** Brief **
Shown below are entries with pictures; the line with "Czerwona zupa z" through the line with "We must now" is the span to retype exactly, and the pictures stay out.

** Exercise inputs **
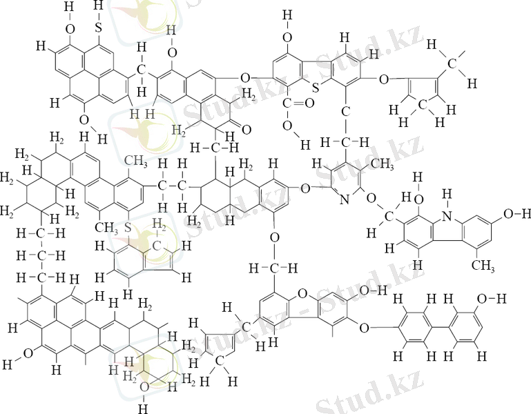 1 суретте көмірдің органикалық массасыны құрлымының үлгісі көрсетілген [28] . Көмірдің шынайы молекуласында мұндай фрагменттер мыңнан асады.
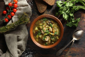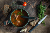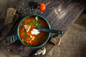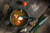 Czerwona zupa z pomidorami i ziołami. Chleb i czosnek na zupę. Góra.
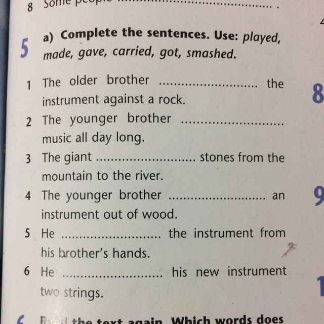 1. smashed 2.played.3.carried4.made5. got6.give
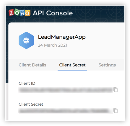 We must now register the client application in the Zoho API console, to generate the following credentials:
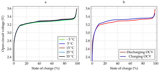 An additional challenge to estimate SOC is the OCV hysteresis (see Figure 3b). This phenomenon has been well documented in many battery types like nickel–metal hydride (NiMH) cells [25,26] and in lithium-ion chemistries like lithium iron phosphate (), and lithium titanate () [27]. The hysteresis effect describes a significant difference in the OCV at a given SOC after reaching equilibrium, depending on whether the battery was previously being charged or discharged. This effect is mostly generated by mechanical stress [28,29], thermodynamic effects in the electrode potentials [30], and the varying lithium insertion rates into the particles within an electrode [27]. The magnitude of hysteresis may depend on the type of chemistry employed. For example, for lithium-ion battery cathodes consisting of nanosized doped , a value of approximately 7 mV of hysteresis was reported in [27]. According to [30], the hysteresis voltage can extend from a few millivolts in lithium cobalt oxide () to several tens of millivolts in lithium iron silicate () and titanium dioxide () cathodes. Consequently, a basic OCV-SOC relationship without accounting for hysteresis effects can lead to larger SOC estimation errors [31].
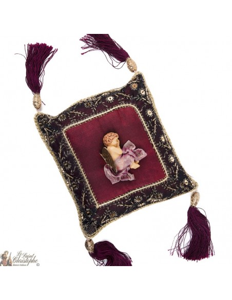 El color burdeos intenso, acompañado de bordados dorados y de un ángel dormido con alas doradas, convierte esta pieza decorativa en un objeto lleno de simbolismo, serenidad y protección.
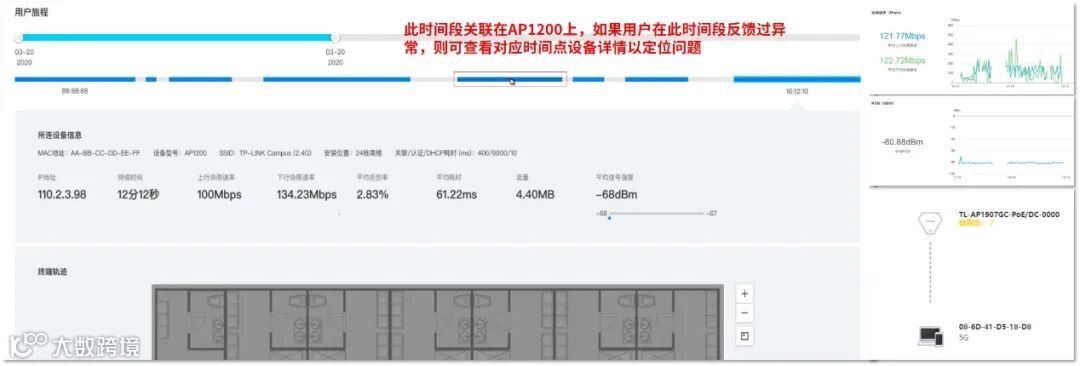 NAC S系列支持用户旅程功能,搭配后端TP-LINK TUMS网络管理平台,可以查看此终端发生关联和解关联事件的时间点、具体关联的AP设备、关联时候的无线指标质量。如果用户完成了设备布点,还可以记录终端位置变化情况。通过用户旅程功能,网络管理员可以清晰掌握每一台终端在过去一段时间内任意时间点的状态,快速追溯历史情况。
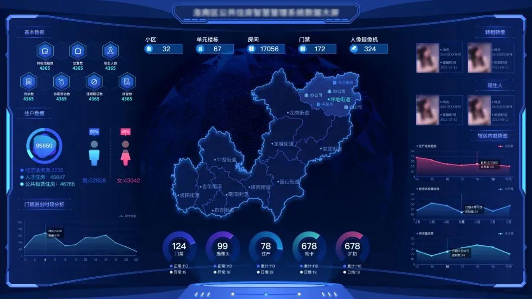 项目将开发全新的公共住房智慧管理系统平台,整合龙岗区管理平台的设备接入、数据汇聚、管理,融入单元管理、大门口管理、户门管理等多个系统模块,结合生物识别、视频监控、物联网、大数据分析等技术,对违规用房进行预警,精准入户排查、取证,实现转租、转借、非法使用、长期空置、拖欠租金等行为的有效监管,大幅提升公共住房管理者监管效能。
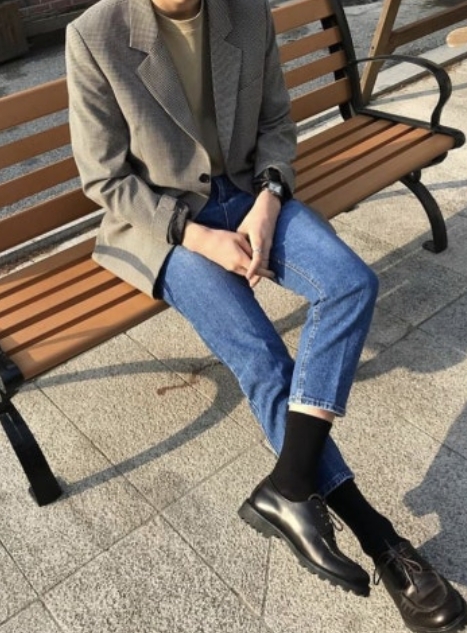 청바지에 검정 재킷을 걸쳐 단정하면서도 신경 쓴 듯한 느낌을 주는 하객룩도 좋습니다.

** Output of the task **
 Czerwona zupa z pomidorami i ziołami. Chleb i czosnek na zupę. Góra.
 1. smashed 2.played.3.carried4.made5. got6.give
 We must now register the client application in the Zoho API console, to generate the following credentials:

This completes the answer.